» **Supplied entries**
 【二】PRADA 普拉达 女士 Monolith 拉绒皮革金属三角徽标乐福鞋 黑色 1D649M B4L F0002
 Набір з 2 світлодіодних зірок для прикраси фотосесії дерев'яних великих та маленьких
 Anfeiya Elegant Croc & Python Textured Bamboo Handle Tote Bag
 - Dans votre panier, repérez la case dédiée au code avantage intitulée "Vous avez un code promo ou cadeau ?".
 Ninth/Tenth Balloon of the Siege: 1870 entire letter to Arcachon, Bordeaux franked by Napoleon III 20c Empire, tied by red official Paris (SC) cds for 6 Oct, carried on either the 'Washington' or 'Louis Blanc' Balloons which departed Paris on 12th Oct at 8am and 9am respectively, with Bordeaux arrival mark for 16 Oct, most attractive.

--

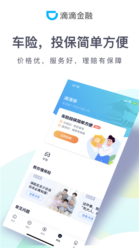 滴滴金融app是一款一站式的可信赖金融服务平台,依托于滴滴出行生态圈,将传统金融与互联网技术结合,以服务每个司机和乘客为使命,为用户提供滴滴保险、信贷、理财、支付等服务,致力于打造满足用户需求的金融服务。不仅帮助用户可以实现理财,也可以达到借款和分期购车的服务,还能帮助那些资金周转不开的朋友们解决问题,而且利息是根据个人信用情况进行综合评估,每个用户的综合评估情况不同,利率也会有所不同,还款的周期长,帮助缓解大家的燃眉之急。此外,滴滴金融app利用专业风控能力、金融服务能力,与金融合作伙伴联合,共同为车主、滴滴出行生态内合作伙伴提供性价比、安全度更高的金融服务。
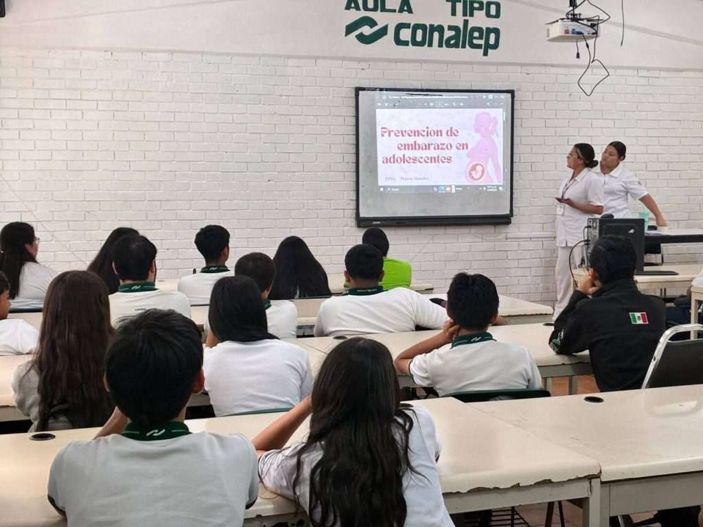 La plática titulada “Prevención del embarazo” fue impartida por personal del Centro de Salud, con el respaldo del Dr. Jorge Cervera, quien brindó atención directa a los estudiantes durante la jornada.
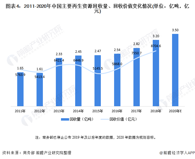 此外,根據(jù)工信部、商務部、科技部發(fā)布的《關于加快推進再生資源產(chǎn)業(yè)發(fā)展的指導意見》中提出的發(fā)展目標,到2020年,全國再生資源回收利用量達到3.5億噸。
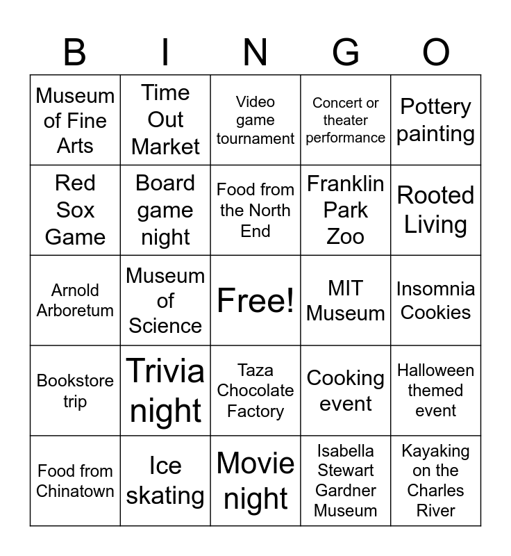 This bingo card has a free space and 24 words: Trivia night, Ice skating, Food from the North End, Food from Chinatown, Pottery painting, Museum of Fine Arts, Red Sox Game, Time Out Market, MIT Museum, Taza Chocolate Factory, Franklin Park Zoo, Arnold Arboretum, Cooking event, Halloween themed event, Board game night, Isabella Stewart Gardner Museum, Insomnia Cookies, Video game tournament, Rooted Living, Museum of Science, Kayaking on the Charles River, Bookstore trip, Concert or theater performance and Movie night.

» **Directions for this task**
Your task is to retype the entries verbatim, starting with the line that holds "Anfeiya Elegant Croc" and stopping after the line that holds "Ninth/Tenth Balloon of".

» **Your response**
 Anfeiya Elegant Croc & Python Textured Bamboo Handle Tote Bag
 - Dans votre panier, repérez la case dédiée au code avantage intitulée "Vous avez un code promo ou cadeau ?".
 Ninth/Tenth Balloon of the Siege: 1870 entire letter to Arcachon, Bordeaux franked by Napoleon III 20c Empire, tied by red official Paris (SC) cds for 6 Oct, carried on either the 'Washington' or 'Louis Blanc' Balloons which departed Paris on 12th Oct at 8am and 9am respectively, with Bordeaux arrival mark for 16 Oct, most attractive.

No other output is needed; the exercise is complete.